Blog do Mario Magalhaes

Palavrões em tempos de grampo

Mário Magalhães

Sinônimos de "ânus", no "Houaiss"

Sinônimos de ''ânus'', no ''Houaiss''

 

No romance Número Zero, do Umberto Eco, a jornalista Maia propõe um manual de substituição de palavrões no jornal Amanhã. “Em vez de dizer ‘caralho’, toda vez que alguém quisesse exprimir surpresa ou decepção, deveria dizer: ‘Oh, órgão externo do sistema geniturinário masculino em forma de apêndice cilíndrico na parte anterior do períneo, bateram minha carteira!’”

Sem o exagero caricatural, a imprensa brasileira já foi um pouco assim. Se não dava para substituir o palavrão, então mais conhecido como calão ou baixo calão, limavam-no. Evitavam a vulgaridade, mas às vezes sonegavam informação ao leitor. Uma coisa é publicar que um deputado xingou o colega, e ponto. Outra é contar que o dito cujo gritou “vossa excelência não passa de um grandessíssimo filho da puta”.

Nesse entrevero, não resta dúvida de que, como ensinam os gaúchos à gurizada, pronunciou-se “nome feio”. Há interpretações que vão mudando. Quando eu estreava na adolescência, uma dona falou “sacanagem” numa roda. Uma amiga dela apontou para mim e a repreendeu: “Olha a criança”. Achei sacanagem não verem que eu não era mais menino. “Sacanagem” continua palavrão?

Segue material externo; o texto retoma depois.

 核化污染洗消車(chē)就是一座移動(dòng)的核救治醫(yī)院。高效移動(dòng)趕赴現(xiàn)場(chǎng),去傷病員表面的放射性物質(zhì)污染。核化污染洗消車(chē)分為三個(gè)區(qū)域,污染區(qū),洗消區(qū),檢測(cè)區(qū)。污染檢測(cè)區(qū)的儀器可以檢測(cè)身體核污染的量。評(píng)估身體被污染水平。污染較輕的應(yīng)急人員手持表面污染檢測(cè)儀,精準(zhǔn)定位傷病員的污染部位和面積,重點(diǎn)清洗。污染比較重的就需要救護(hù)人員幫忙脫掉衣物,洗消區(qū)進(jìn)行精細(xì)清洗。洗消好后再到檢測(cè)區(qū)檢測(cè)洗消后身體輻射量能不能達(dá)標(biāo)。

O tempo acolhe o que outrora era tido como chulo. Como imaginar que “chateação” já foi obscenidade? Suponho que por se originar de chato, o inseto que se aninha na região pubiana e, asseguram, é chato pra caramba.  O Rubem Braga desculpou-se, em 1965, ao empregar o verbo “chatear”: “Seu uso generalizou-se de tal modo que se tornou familiar, embora não elegante”.

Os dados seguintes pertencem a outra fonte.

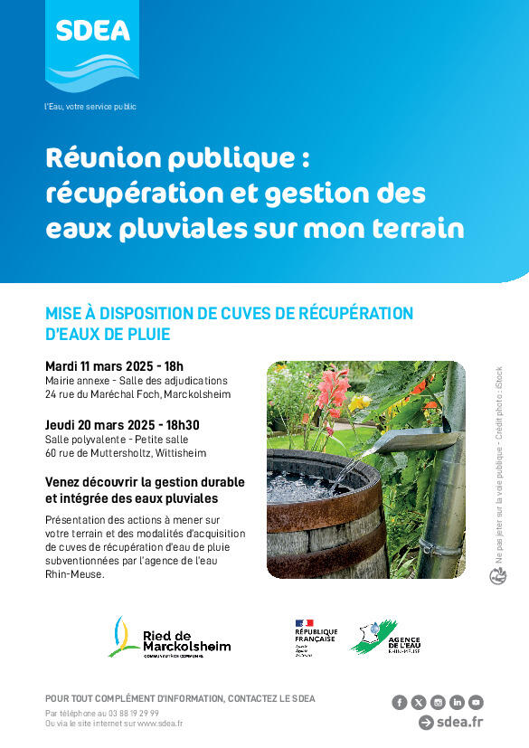 Le Syndicat des Eaux et de l’Assainissement Alsace-Moselle (SDEA), en partenariat avec l’agence de l’eau Rhin-Meuse, lance à partir de mars 2025 et pour une durée de 3 ans, une opération de déraccordement et de mise à disposition de cuves de récupération des eaux de pluie à destination des habitants de la Communauté de Communes du Ried de Marckolsheim.

O cronista explicou por que cedeu: “O governador Carlos Lacerda usou o substantivo ‘chateação’ em seu último discurso na televisão, embora sabendo que se dirigia a um público em grande parte composto de senhoras e senhoritas; assim, a palavra entrou para o vocabulário já não digo oficial, mas oficioso no Estado da Guanabara”.

Sinônimos não costumam resolver. Até porque nunca ou quase nunca uma palavra equivale a outra. Num encontro literário, o Rubem Fonseca mencionou uma lição do Gustave Flaubert: “Ele, sim, sabia que não havia sinônimos. Ouviram? Não existem sinônimos”. O francês, lembrou o brasileiro, procurava sem descanso “le mot juste”, a palavra certa.

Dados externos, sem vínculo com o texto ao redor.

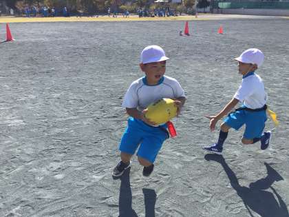 今日は「タグラグビー」に挑戦です。

Tal palavra varia caso a caso. Numa folha em que noutra época só se podia escrever “impotente”, tenho lido cada vez mais “brocha”. Impotência expressa uma patologia. Brochada, um fiasco. Não dá para dizer que está “defecando” e andando. Flaubert e Fonseca têm razão.

Em meados do século 20, a revista The New Yorker ainda vetava contos que considerava obscenos, para contrariedade do iniciante Truman Capote. Trabalhei, três décadas atrás, em um jornal pudico que hoje imprime sem cerimônia os palavrões mais cabeludos. Na morte do Carlos Drummond de Andrade, não resisti à chance de apimentar as páginas. Escalado para selecionar trechos de um livro inédito do poeta, escolhi os mais picantes.

Não continham palavrões as tiradas do Drummond, como “a masturbação é uma forma econômica de praticar o sexo” e “o grito do orgasmo é espontâneo, mas o orgasmo é elaborado”. Levinho, não? Àquela altura, pareceu uma revolução. Ninguém se atreveu a cortar.

Pesado é o que eu tenho ouvido nesses dias turbulentos. Tem palavrão nos grampos e, fora deles, sobre seus personagens e antagonistas. Os palavrões são os mesmos, troca-se o alvo a malhar. Podem ser contra e a favor. Ou muito pelo contrário, como prefere um amigo que adotou o mantra “estou cagando e andando”.